Loving someone but not being in love with them is total bullshit. That’s the crap that people say when they’re walking out on someone because they want to sleep with their sexy co-worker. Real, deep love isn’t an emotion, and it’s definitely not passion. “I love you, but I’m not in love with you,” really means, “I don’t love you.” There is nothing salvageable in this relationship. You’re just filling a role in this man’s life for now. Get out now! As for your self-esteem, the right person will love you the way that you need to be loved. This one man not valuing you in that way does not mean you are flawed or unloveable, I promise.

Post # 11
556 posts
Busy bee
  • Wedding: October 2014

I am turning 30 next month. I understand why you are scared to begin again. We are programmed as women to think that by 30 we will have met “the one,” etc. etc. etc. You have been with this person long enough that even if your life isn’t as good as you want it t be, you are frightened to think of it without him in it. But you have said it yourself–you are not in love with him. That isn’t something that can be fixed with counseling, time, etc. You will never move past that, so you need to let this relationship go. Are while there are a lot of douchebags and idiots out there (I would say equal numbers of male and female ones), there are still plenty of good guys left too. 

Post # 12
2371 posts
Buzzing bee

funnyduckling:  I would honestly ask yourself, “If I was 19 years old and dating this guy, would I stick around and put up with this?” If the answer is no, then get out of there. This whole idea that at 30 some magic bell goes off and you expire is ridiculous.
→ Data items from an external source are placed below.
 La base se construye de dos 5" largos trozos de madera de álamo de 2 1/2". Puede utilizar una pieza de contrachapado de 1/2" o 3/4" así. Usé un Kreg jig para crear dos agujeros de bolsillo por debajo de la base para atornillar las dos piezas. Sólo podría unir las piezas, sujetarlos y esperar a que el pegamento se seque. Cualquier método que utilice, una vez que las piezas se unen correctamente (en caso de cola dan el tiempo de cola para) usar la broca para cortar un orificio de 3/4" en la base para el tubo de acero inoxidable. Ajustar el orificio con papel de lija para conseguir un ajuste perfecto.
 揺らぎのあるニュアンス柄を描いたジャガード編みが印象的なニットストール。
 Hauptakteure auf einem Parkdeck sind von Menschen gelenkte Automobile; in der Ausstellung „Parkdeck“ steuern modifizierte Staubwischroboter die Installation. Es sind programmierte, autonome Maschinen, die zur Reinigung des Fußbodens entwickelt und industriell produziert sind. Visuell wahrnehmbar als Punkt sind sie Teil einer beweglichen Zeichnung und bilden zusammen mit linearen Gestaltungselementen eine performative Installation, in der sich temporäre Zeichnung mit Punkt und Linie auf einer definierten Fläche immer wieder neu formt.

You have been together and awfully long time (and you aren’t idiot teenagers) to be having these fundamentally huge issues. I think you already know the answer on what to do. My advice: if you feel so defeated by your relationship that you’re asking strangers on an online forum what to do, you probably need to end things. Best of luck, I know this sucks, but plenty of people find love in their 30s, 40s, 50s, and beyond! 

Post # 13
5549 posts
Bee Keeper
  • Wedding: May 2014

funnyduckling:  I think you’ve given yourself the right advice and don’t realize it? If you are unhappy, leave. For sure. I know it doesn’t seem like it, but 30 is still young. I FINALLY found the right guy (after marrying the wrong one – see? you could make that mistake) in my 40s! He’s awesome and I’ve never been happier.

Post # 15
305 posts
Helper bee
  • Wedding: January 2014


I’m so sorry you are going through this – I cannot imagine how much pain you are suffering through.
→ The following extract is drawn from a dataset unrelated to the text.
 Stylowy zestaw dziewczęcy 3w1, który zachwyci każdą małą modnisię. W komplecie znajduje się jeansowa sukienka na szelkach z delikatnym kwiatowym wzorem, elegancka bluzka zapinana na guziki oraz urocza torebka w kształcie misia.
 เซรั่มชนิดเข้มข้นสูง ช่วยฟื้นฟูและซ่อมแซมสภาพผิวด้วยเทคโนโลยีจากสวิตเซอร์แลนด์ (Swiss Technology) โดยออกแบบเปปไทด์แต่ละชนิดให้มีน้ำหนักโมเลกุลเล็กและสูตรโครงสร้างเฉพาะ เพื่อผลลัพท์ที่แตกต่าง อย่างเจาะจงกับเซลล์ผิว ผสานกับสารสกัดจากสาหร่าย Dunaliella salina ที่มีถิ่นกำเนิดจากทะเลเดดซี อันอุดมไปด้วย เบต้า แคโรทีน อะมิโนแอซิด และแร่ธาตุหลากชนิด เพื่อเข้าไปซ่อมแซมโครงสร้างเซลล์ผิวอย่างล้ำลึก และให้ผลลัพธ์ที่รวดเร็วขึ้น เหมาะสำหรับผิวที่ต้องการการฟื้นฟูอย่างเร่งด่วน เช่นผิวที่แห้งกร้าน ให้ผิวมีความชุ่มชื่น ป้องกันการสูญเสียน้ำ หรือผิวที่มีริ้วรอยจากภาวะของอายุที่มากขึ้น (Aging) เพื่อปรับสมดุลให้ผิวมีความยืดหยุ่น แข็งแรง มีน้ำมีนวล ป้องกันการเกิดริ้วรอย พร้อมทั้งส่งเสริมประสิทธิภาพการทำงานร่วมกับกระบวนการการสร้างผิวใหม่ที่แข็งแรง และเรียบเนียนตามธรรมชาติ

I had somewhat similar “resentment” you are talking about with my now DH when we were dating, because I felt like he wasn’t as excitied to commit/get married/be with me for the rest of our lives. A part of it was because of my low self-esteem – we were going through rough time due to my in-law’s disapproval of our relationship (let alone marriage), and I was feeling extremely self-conscious.  

But the key difference was that my DH listened to me, communicated with me, and most of all, reassured me with even more love.

I think willingness to listen and communicate is an absolute essential part of any relationship, and especially in marriage.  The fact that your FI has stopped communicating with you tells me that he does not want to repair the relationship – and to me, that’s as if you decide to stop watering your flower in the hot summer time…it’s going to dry up and die eventually, whether it is now or years later (after marriage).

Like others said, if all you feel is resentment and no love, and all your FI gives you is a cold-shoulder and no attempts in communication, I think it’s time to walk away and move on.  I don’t think being in 30s is considered “old” these days anyways! Most women are not married till in their mid-30s these days.

I think marriage has to be something mutual, not one sided.  Balance is absolutely important.